In general, dealing with missing input values is always problematic. To my best knowledge, none of the existing methods can deal with it without introducing some bias to the model, so you have to consider this during your research. There are at least few possible options:

  • ignore data with missing values (which I do believe you do now), which is the "safest" option, but can lead to insufficient data being left to train a good model
  • fill missing values with some statistical analysis of the data - for example:
    • mean value of the particular feature/dimension (for real valued variables)
    • median value of the particular feature/dimension (for categorical ones)
  • train a separate model to predict a missing value, e.g. let's imagine data in $X^k$, and each of the dimensions can have missing inputs, then you can create $k$ models $M_i$, each for predicting the $i$th dimension using the rest of them, so $M_i : X^{k-1} \rightarrow X$, and you use it to preprocess your data
  • use some generative model, that can fill missing values by itself, one possibility is a Restricted Boltzmann Machine

As was previously stated, each method introduces some bias to the analysis (which has been proven in many papers, for many models), but it can also help you build a better model: everything depends on your data.
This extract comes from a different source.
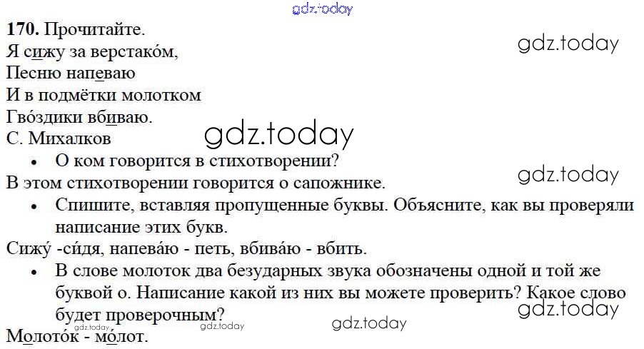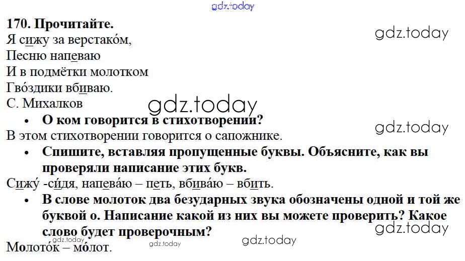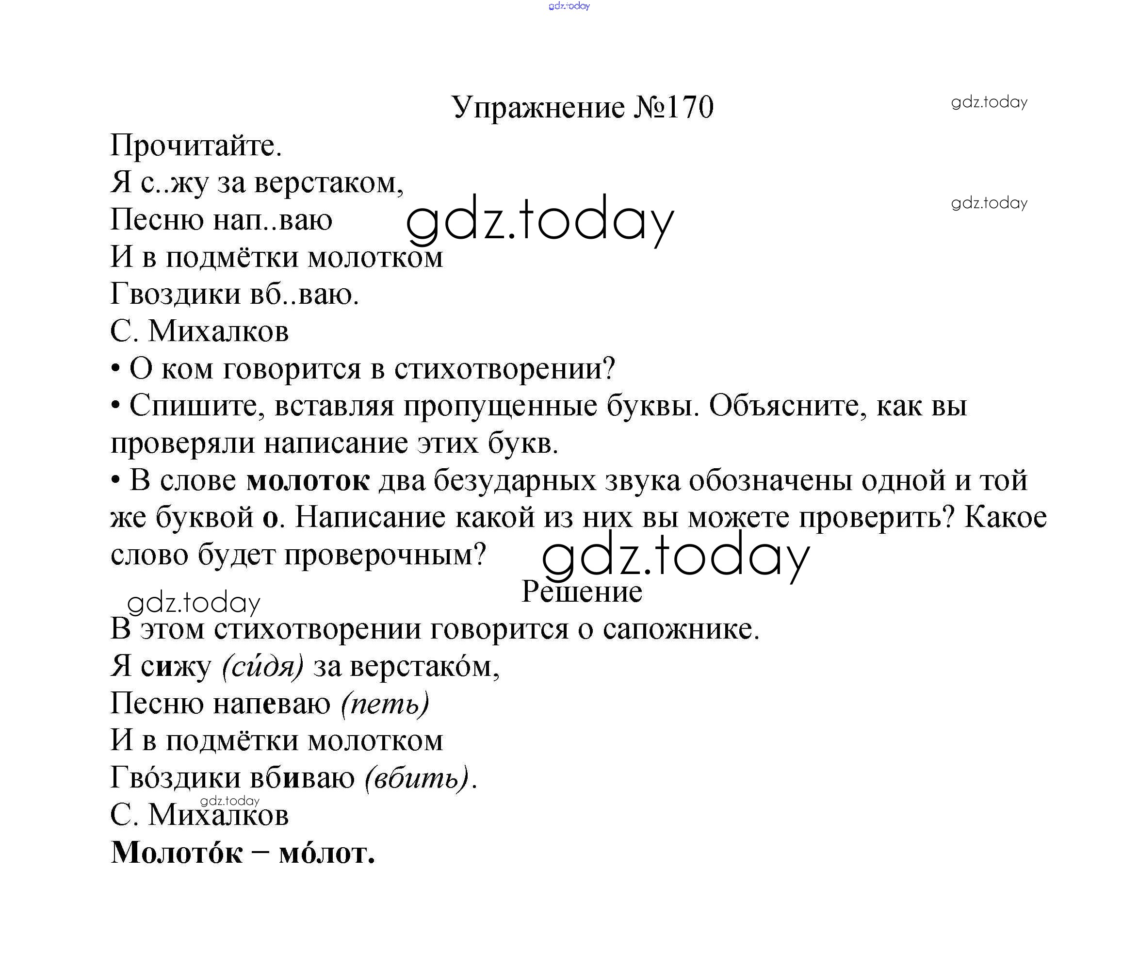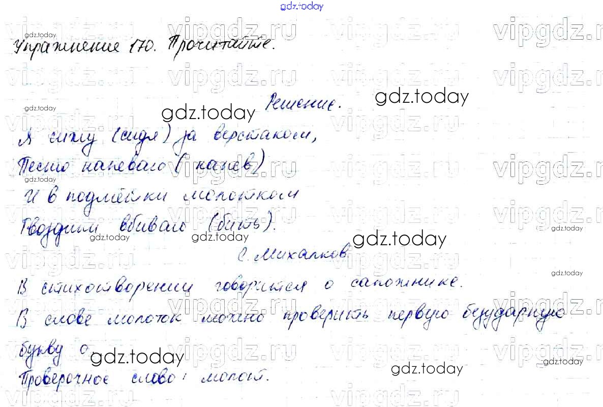 На страницах сайта gdz.today вы найдете учебный и вспомогательный материал, направленный на улучшения знаний школьной программы. ГДЗ - онлайн мир знаний Решение к части №1 (Упражнения) 170 Учебнику по Русскому языку для 2 класса Канакина, Горецкий Просвещение Школа России 2013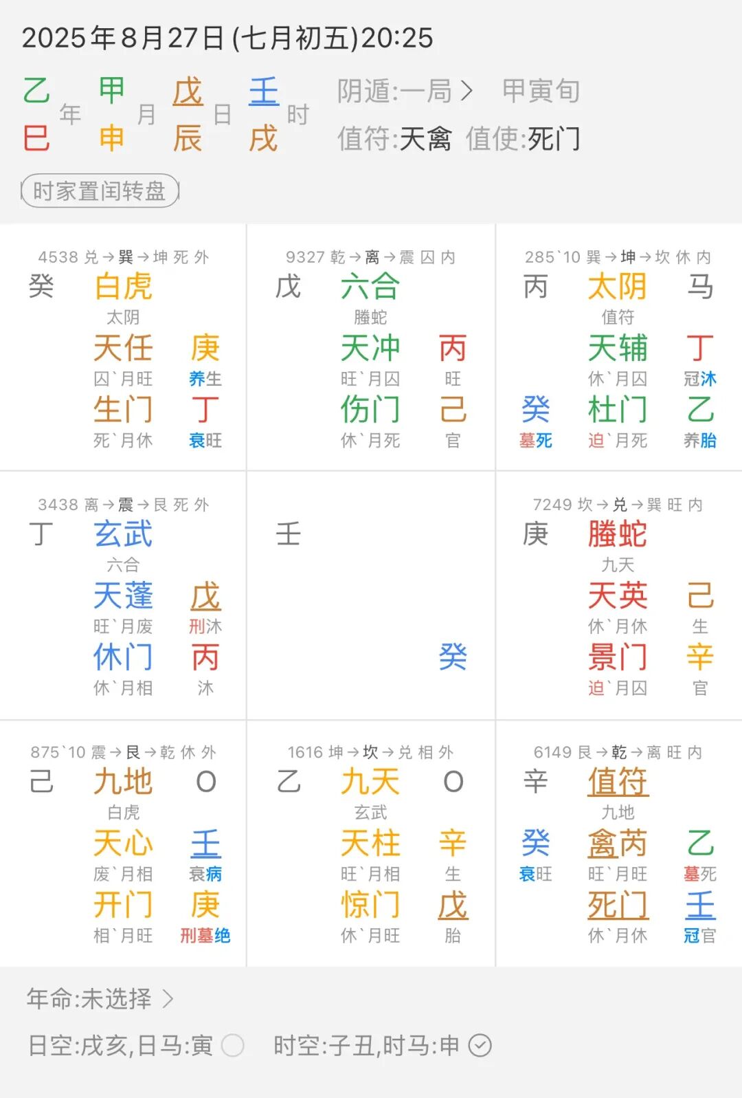 分析如下:手术不成功,首先看符使在乾宫,天芮星旺,天芮也为子宫,临死门。乙为医药,入墓,手术后吃的药作用不大。癸+壬复见螣蛇,一次治不好。再看日时,日干戊击刑,本人还是难受,时干落艮宫空亡,手术不成功,还是不能生肓。壬+庚,怀孕有阻力。转宫到坤,天盘丁年命,丁+乙另续相亲,怀孕另想办法。杜门门迫,腹部不通。再看巽宫庚+丁,加年命地盘丁,庚长生,怀孕还是有阻隔。辛为精子,空亡,癸为卵子衰。所以说还是不能生育成功。

EDIT (after clarification)

A missing value of some $i$th feature/dimension $f_i \in X$ is lack of observation/knowledge about what particular value $x\in X$ does it have. One can imagine a situation where we are asking people to fill out a multi-page survey, and after getting all the data it turns out we do not have one of the person's pages. We do not know what was his/her response, but we are quite sure there was one. On the other hand a person could give as a blank question (without an answer) or write something like "I will not answer this question", which is not missing information; in fact this is as informative as selecting one of the predefined boxes. In such a scenario we simply have a categorical feature, $f'_i \in X \cup \{ \emptyset \}$. We can either express it as a multi-valued feature, or encode it in unary form by replacing $f'_i$ with $|X|+1$ new binary features $f''_{ij}$ for each $j\in X \cup \{ \emptyset \}$ such that $f''_{ij} = 1 \iff f'_i = j$. Choice between these methods is model- and data-dependent.